# PROBLEM DETAILS:
For the records below, please print exactly and only the lines from the one with "State Route 666" down to the one with "柯剛明(右一)陪同國際大體聯", both ends included, omitting the pictures.
### SUPPLIED RECORDS ###
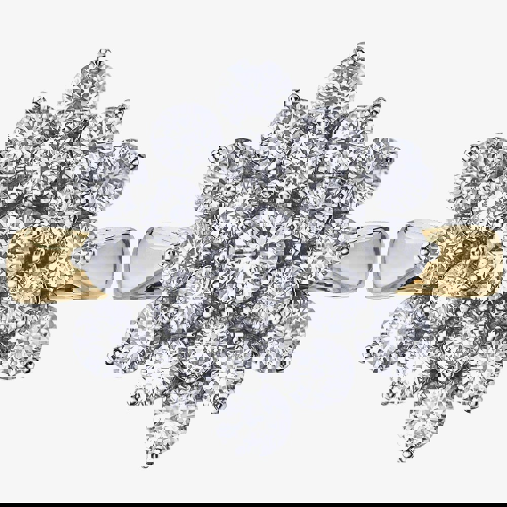 This beautiful cluster ring features a 9ct Yellow Gold band and 19 round-cut diamonds positioned in a flower design set in 9ct White Gold, with a total weight of 2. 00ct.
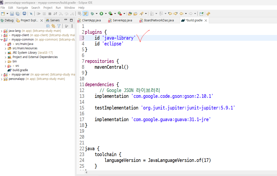 공유하고 싶은 클래스를 서브 프로젝트로 만들어 공유하기 !
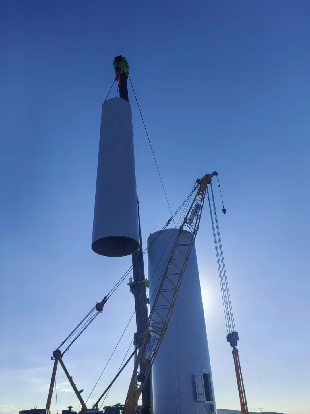 該項(xiàng)目位于新疆維吾爾自治區(qū)昌吉回族自治州木壘縣大石頭村一帶,距離木壘縣約70千米處,場(chǎng)址海拔1400-2100米,場(chǎng)址為低中山丘陵地貌,地勢(shì)開闊,地形起伏。該項(xiàng)目單機(jī)容量10兆瓦,是陸上單機(jī)容量最大的風(fēng)電機(jī)組,單機(jī)共5段,其中T1、T2段為分片式塔架,輪轂高度118米,單段最大重量約111噸。
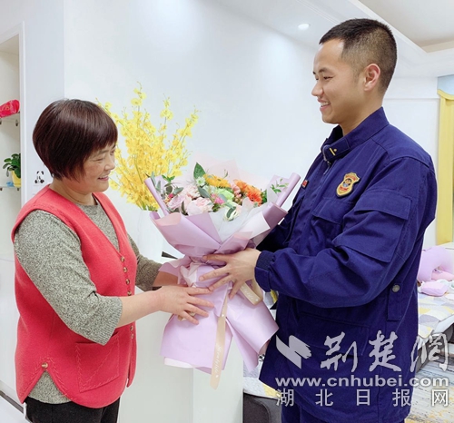 “媽媽,這些年您辛苦了,感謝您的養(yǎng)育、教育之恩,快到母親節(jié)了,在這個(gè)特殊的日子里,今年能親手送上一束鮮花您,希望您天天開心貌美如花……”母親節(jié)即將到來之際,咸寧特勤中隊(duì)副中隊(duì)長張衡出差時(shí)利用午休時(shí)間回家送上一份母親節(jié)的禮物。
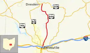 State Route 666 (SR 666) is a 14.17-mile (22.80 km) state route that runs between Zanesville and Dresden in the US state of Ohio. Most of the route is a rural two-lane highway and passes through both woodland and farmland. For much of its path, SR 666 runs generally parallel to the east of the Muskingum River. The highway was first signed in 1937 on the same alignment as today. The whole highway was paved by 1955.
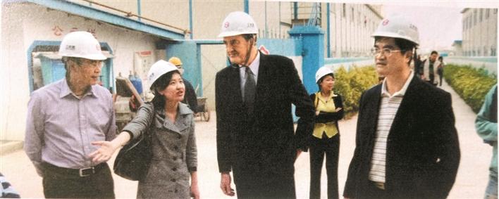 柯剛明(右一)陪同國際大體聯(lián)官員考察大運(yùn)村建設(shè)。圖片由受訪者提供
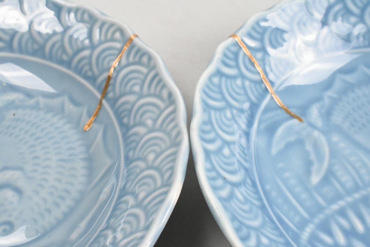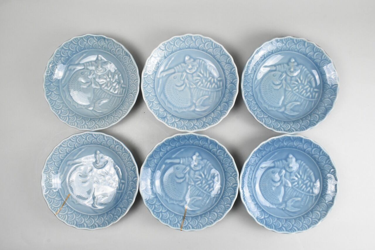 雑談が過ぎましたが、このお皿には見込みに恵比寿様、輪花型の口縁周りには青海波を描いていて、まさに海を連想させる漁業の神様のお皿です。ブルーの色味も相まってます。
###
# TASK RESPONSE:
 State Route 666 (SR 666) is a 14.17-mile (22.80 km) state route that runs between Zanesville and Dresden in the US state of Ohio. Most of the route is a rural two-lane highway and passes through both woodland and farmland. For much of its path, SR 666 runs generally parallel to the east of the Muskingum River. The highway was first signed in 1937 on the same alignment as today. The whole highway was paved by 1955.
 柯剛明(右一)陪同國際大體聯(lián)官員考察大運(yùn)村建設(shè)。圖片由受訪者提供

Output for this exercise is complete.